这个dagscheduler 是一个重量级的角色，作用很大，上面的注释可能有点多，我来稍微总结一下：

1：它是以阶段(stage)为导向的，一个高层次的调度（相对于taskscheduler）

2: dag （传说中的有向无环图）就是它负责计算的，追踪物化的rdd,以及stage 输出，job是如何运行的是它来规划的。

3：它把stage 包成taskset 发送给 TaskScheduler 让它来执行，

4：还有就是 preferred locations 也是这大哥决定的，这个就是那个那几个任务运行的本地化的级别

5：如果是shuflle过程中输出文件丢失了，那么之前的stage需要重新提交的时候，也是它负责，但是，stage内部的非shuffle导致的文件丢失，是TaskSchuduler 的职责范围。

2：这个DagScheduler 是何时被实例化的呢？

这个就是必须从一切的入口sparkcontext 里开看了，可以看到它从一开始就实例化了。是context的一个属性。

它是如何发挥作用盘活全局的？

context 里的runjob是所有action的入口，实际调用的就是dagscheduler 的runJob()

继续追踪下去：

在dagscheduler 里调用的是dagschuduler.submitJob() 最终返回的是一个waiter ,这个waiter 在job执行完毕之前保持阻塞。所以说正常情况下，job是串行执行的就是这个道理。

遇到一个eventprocessLoop【DAGSchedulerEventProcessLoop】，用来提交作业的

我们来追溯一下：

我们来翻译一下注释看看这个EventLoop是几个意思：

event loop 是用来接收从调用这那里过来的events的，并且用event thread 来处理所有的events.

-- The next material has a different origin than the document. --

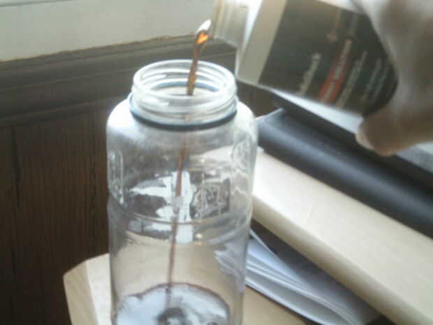 Llenar su contenedor de grabado con el grabador, en mi caso vierte la totalidad 16 oz botella de cloruro férrico en mi tarro de maní. Lo hago por varias razones. 1. es más fácil de asegurarse de que hay un montón de fresca grabador para la Junta. 2. la jarra que contiene 16oz de grabador es solo la mitad completa y con la forma de la parte superior cuando remolino el grabador alrededor allí es menos ocasión de derramar cualquier grabador hacia fuera. 3. que es lo que tengo: P.

其实就是个容器，不断的接收事件，然后处理，我们来看下：

内部的实现其实就是个双端队列。

new 了线程，用来执行任务：

抽象类EventLoop中的关键方法：onReceive 我们看看在【DAGSchedulerEventProcessLoop】是如何实现的

调用的是DAGSchedulerEventProcessLoop.doOnReceive,开启模式匹配：

我们提交任务肯定就是JobSubmitted了：

继续跟踪：

调用了dagScheduler.createResultStage() ,返回一个ResultStage

为什么先建了一个ResultStage呢？

因为我们触发的时候是从最后的一个stage计算的，在spark中是懒加载，所以在计算的时候是从后往前进行回溯，这个和形成DAG的方向是正好相反的。

handleJobSubmmited 方法的末尾

/** Submits stage, but first recursively submits any missing parents. */
  private def submitStage(stage: Stage) {
    val jobId = activeJobForStage(stage)
    if (jobId.isDefined) {
      logDebug("submitStage(" + stage + ")")
      if (!waitingStages(stage) && !runningStages(stage) && !failedStages(stage)) {
        val missing = getMissingParentStages(stage).sortBy(_.id)
        logDebug("missing: " + missing)
        if (missing.isEmpty) {
          logInfo("Submitting " + stage + " (" + stage.rdd + "), which has no missing parents")
          submitMissingTasks(stage, jobId.get)
        } else {
          for (parent <- missing) {
            submitStage(parent)
          }
          waitingStages += stage
        }
      }
    } else {
      abortStage(stage, "No active job for stage " + stage.id, None)
    }
  }

我们可以看到注释：

提交stage,但是他会递归的先提交那些他的没提交的父stage,因为stage是一层层的依赖的，只有上一个stage完成了之后，下一个依赖它的stage才可以运行，所以必须得先往前递归父stage.

跟踪进去一探究竟：
getMissingParentStages(stage: Stage): List[Stage] 获取到上层的父依赖，我总觉得这里missing翻译成丢失的不合适，所以我理解的是还没有遍历到的父stage。

private def getMissingParentStages(stage: Stage): List[Stage] = {
    val missing = new HashSet[Stage]
    val visited = new HashSet[RDD[_]]
    // We are manually maintaining a stack here to prevent StackOverflowError
    // caused by recursively visiting
    val waitingForVisit = new ArrayStack[RDD[_]]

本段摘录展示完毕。